Dans un livre, Das Antlitz der Erde, qui est un monument d’érudition [19], M. Ed. Suess a établi dès 1888 qu’il y avait dans le niveau des mers de grandes oscillations périodiques, de durées fort inégales mais toujours énormes, oscillations qu’on retrouvait sur toute la surface du globe et qu’on ne pouvait confondre avec les mouvements brusques auxquels donnent lieu les effondrements locaux de l’écorce terrestre.
L’idée que l’hydrosphère constitue un ellipsoïde de forme invariable s’impose tellement au plus grand nombre des esprits qu’elle n’a pas été immédiatement bouleversée par la découverte de Suess. La littérature géologique voit encore des mouvements d’oscillations du sol ou des effondrements chaotiques là où Suess a montré l’existence d’un phénomène régulier.
Qu’il y ait des mouvements d’oscillations périodiques du sol, cela est possible ; cela paraît même tout à fait probable et nous reviendrons spécialement sur ce point [20] . Mais les grands mouvements mis en évidence par Suess tiennent essentiellement aux déformations périodiques de l’hydrosphère. À partir du moment où l’on est obligé de reconnaître l’existence de déformations périodiques, il est certainement plus naturel de les rapporter à l’hydrosphère que de les attribuer à la lithosphère ; et ce qui a été dit plus haut nous permet de montrer la relation qui existe entre ce phénomène d’apparence si surprenante et d’autres phénomènes, à courte durée, de la physique terrestre.
La relation apparaît avec une netteté toute particulière lorsqu’on a, d’une lecture attentive de Suess, dégagé la loi suivante qui n’est pas énoncée par le géologue de Vienne : les fluctuations des mers tertiaires sont insignifiantes dans les zones des latitudes désertiques ; elles sont très accusées dans les latitudes qui correspondent aux trois aires pluvieuses de notre temps, aires des pays tempérés et aire de la zone équatoriale.
À l’intensité et à la durée près, le phénomène apparaît ainsi comme identique à celui des déformations de l’atmosphère des nuages qui correspondent aux contractions et dilatations des aires pluvieuses signalées plus haut.

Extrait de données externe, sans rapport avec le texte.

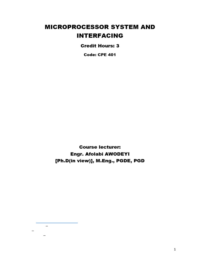 Upon successful completion of the Microprocessor Systems and Interfacing course, students
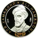 | Реверс: портрет поэта, свиток с надписью на тадж. 1150 СОЛ и перо, надпись на тадж. АРДАФТАРИ АДАБИЁТИ ТОЧИК АБУАБДУЛЛОҲИ РУДАКИ ★. Номинал: 5 сомони. Масса: 7,5 г. Диаметр: 26,5 мм. Толщина: 1,6 г. Тираж: 100 000 шт. |

Il n’est pas autre que celui des variations du niveau des mers à période un décennale des taches solaires. Il met seulement en évidence de grandes périodes de variations des taches solaires et des réactions électro-dynamiques.
Ces grandes périodes ne sont autres que celles des variations de distances, d’inclinaisons et d’excentricité des orbites des planètes établies et calculées par la mécanique céleste.
Ces variations correspondent à des changements d’équilibre électrique sur la Terre pour les raisons suivantes :
1° Les changements d’inclinaison des orbites, et les changements d’excentricité qui correspondent aux changements des valeurs des vitesses radiales des planètes, spécialement de Jupiter, Saturne et Uranus, modifient les formes d’équilibre électrique de la couronne solaire : la durée de la période des taches reste sensiblement ce qu’elle est aujourd’hui, mais l’amplitude du balancement des taches et l’intensité d’action électrique de la couronne sont changées : d’où des variations semblables dans la figure d’équilibre électrique de la Terre ;
2° Les changements d’excentricité de l’orbite terrestre doivent, en modifiant les vitesses radiales, non seulement modifier l’écart qui existe entre l’état de la Terre au moment du maximum des taches et son état au moment du minimum, mais encore modifier le potentiel absolu moyen de la Terre.
En effet, dans la période de l’année où la Terre se rapproche du Soleil, il y a conversion d’énergie cinétique en énergie électrique, les courants électriques augmentent d’intensité. Dans la période d’éloignement, c’est l’effet contraire qui se produit ; l’énergie électrique diminue et se convertit en énergie cinétique. Mais ces différentes transformations ne se font pas sans pertes, car une partie de l’énergie se convertit en chaleur. La fraction d’énergie ainsi perdue doit varier avec l’intensité des actions électriques et par conséquent le potentiel absolu moyen change périodiquement avec le cours des temps.
Pour la même raison le potentiel du Soleil et celui des planètes doivent subir des variations à grande période.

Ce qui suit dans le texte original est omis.